Hash Partitioning

Post questions here relative to DataStage Enterprise/PX Edition for such areas as Parallel job design, Parallel datasets, BuildOps, Wrappers, etc.

Moderators: chulett, rschirm, roy

Post Reply
Madhavan VM
Participant
Posts: 33
Joined: Sat Jul 02, 2005 2:27 am
Location: Bangalore

Hash Partitioning

Post by Madhavan VM »

The question is related to partitioning

From a copy stage,cpy_split, i am splitting the record into two links. one goes to the Aggregator,Agg_sum, and one
pass to a Join stage,Jn_k1.The link which is passed to the Aggregator,Agg_sum is Hashed and sorted on a Key,say,K1.
In Agg_sum we are calculating sum of a column based on key,k1.Now, the link from Aggregator,Agg_sum is joined with
the join,Jn_k1.

The join has two inputs the link.From Aggregator,Agg_sum, and the link from copy stage,cpy_split.

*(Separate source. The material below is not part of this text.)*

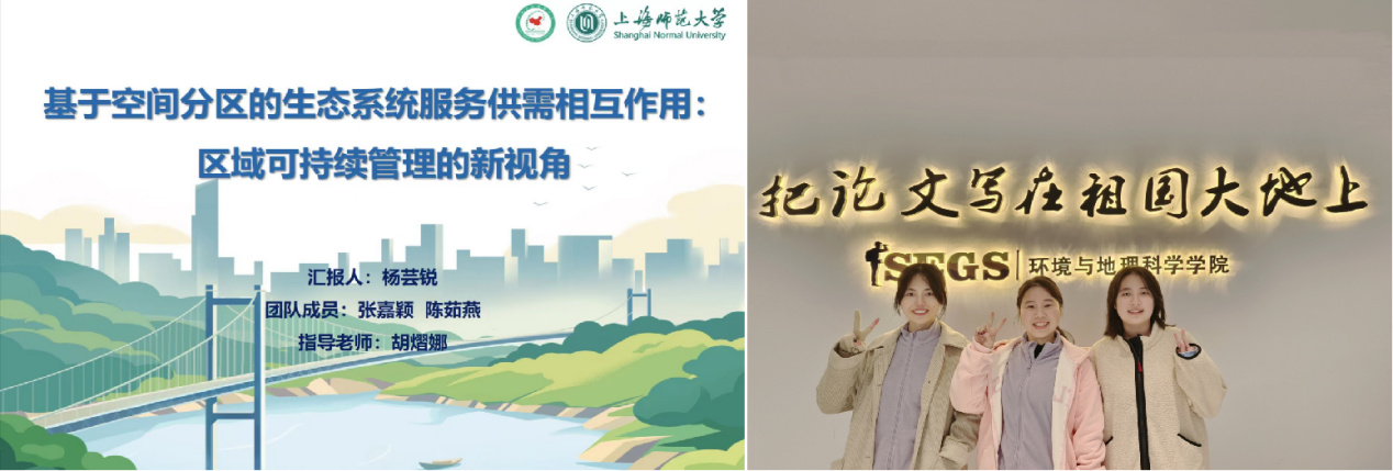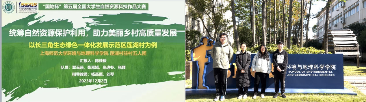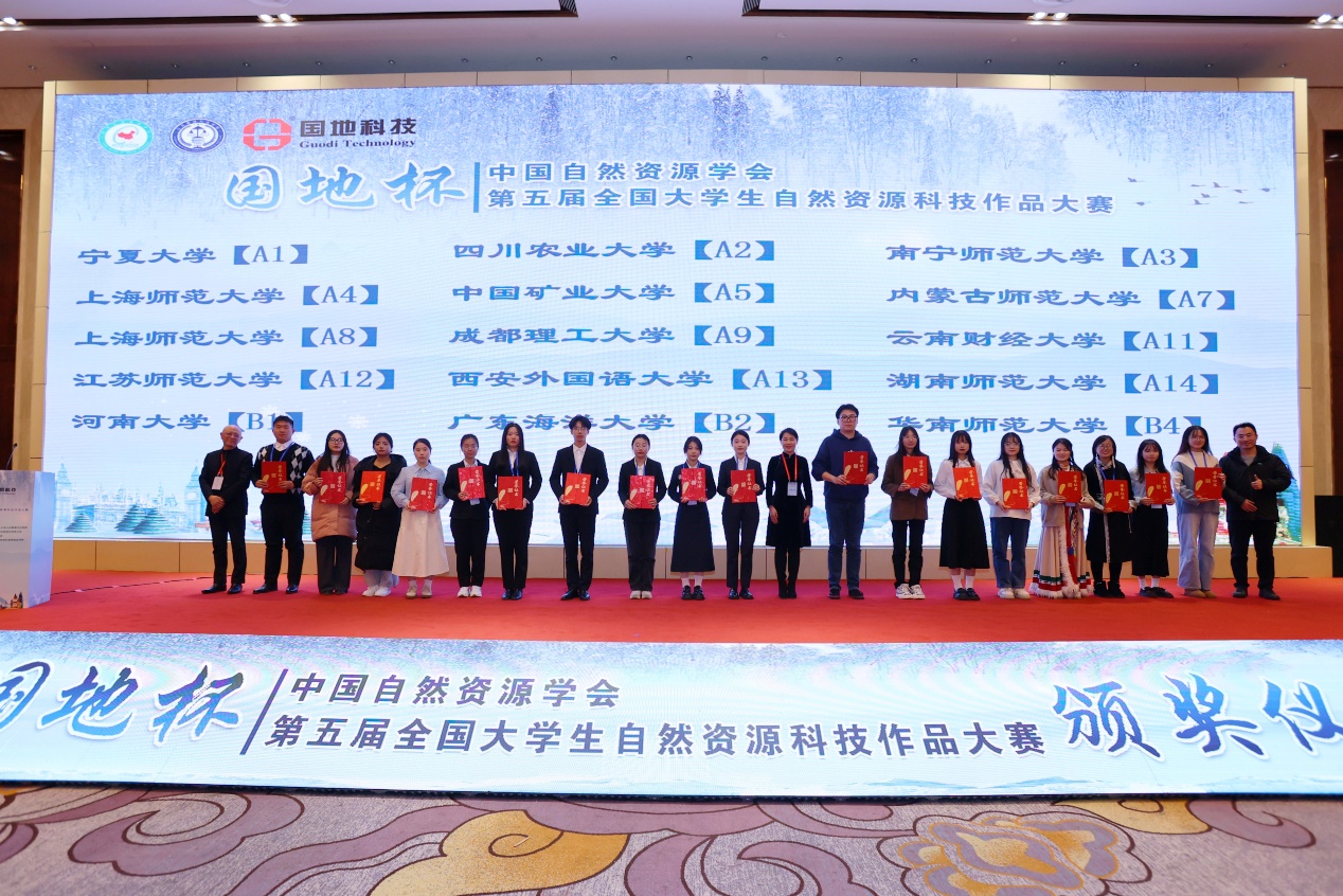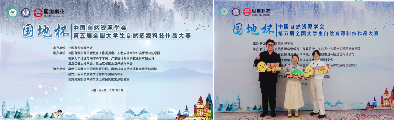 2023年12月1日至2日,中国自然资源学会“国地杯”第五届全国大学生自然资源科技作品大赛决赛在哈尔滨举办。在决赛中,由太阳成杨高原和刘琴老师指导,2020级人文地理与城乡规划专业陈佳毅、覃玉珊、张嘉域、张逸冬、张颖等5位同学完成的作品《统筹自然资源保护利用,助力美丽乡村高质量发展——以长三角生态绿色一体化发展示范区莲湖村为例》,以及由太阳成胡熠娜老师指导,2021级地理科学(师范)专业杨芸锐、张嘉颖、陈茹燕等3位同学完成的作品《基于空间分区的生态系统服务供需相互作用:区域可持续管理的新视角》,均在大赛中斩获二等奖。

The key on which the
records are getting joined is again the key,k1.


The partitioning i have followed for the input to the join is as follows:
From the copy stage,cpy_split, the data is hashed and sorted on key k1
From the Aggregator,Agg_sum the data is same partitioned as before entering the Aggregator i have hashed and sorted
on the key,k1.

In the output one set of data was missing. :!:

Let the output from Aggregator be:

k1
"1","310","4"
"3","342","4"
"4","887","5"
"2","543","4"

Let the output from copy stage be:

k1
"1","X","0001","00000000123","210","349"
"1","X","0002","00000000114","110","349"
"1","X","0003","00000000272","310","349"
"1","X","0004","00000000256","121","349"
"3","X","0001","00000000364","342","147"
"3","X","0002","00000000489","111","147"
"3","X","0003","00000000954","222","147"
"3","X","0004","00000000326","333","147"
"2","X","0001","00000000895","432","247"
"2","X","0002","00000000654","543","247"
"2","X","0003","00000000156","123","247"
"2","X","0004","00000000258","232","247"
"4","X","0001","00000000195","444","47"
"4","X","0002","00000000659","555","47"
"4","X","0003","00000000485","666","47"
"4","X","0004","00000000147","777","47"
"4","X","0004","00000000147","887","47"


The output from the join stage is:
k1
"1","310","4","X","0001","00000000123","210","349","100","489"
"1","310","4","X","0003","00000000272","310","349","0","489"
"1","310","4","X","0004","00000000256","121","349","189","489"
"1","310","4","X","0002","00000000114","110","349","200","489"
"3","342","4","X","0001","00000000364","342","147","0","360"
"3","342","4","X","0004","00000000326","333","147","9","360"
"3","342","4","X","0003","00000000954","222","147","120","360"
"3","342","4","X","0002","00000000489","111","147","231","360"
"4","887","5","X","0003","00000000485","666","47","221","1106"
"4","887","5","X","0004","00000000147","777","47","110","1106"
"4","887","5","X","0001","00000000195","444","47","443","1106"
"4","887","5","X","0002","00000000659","555","47","332","1106"
"4","887","5","X","0004","00000000147","887","47","0","1106"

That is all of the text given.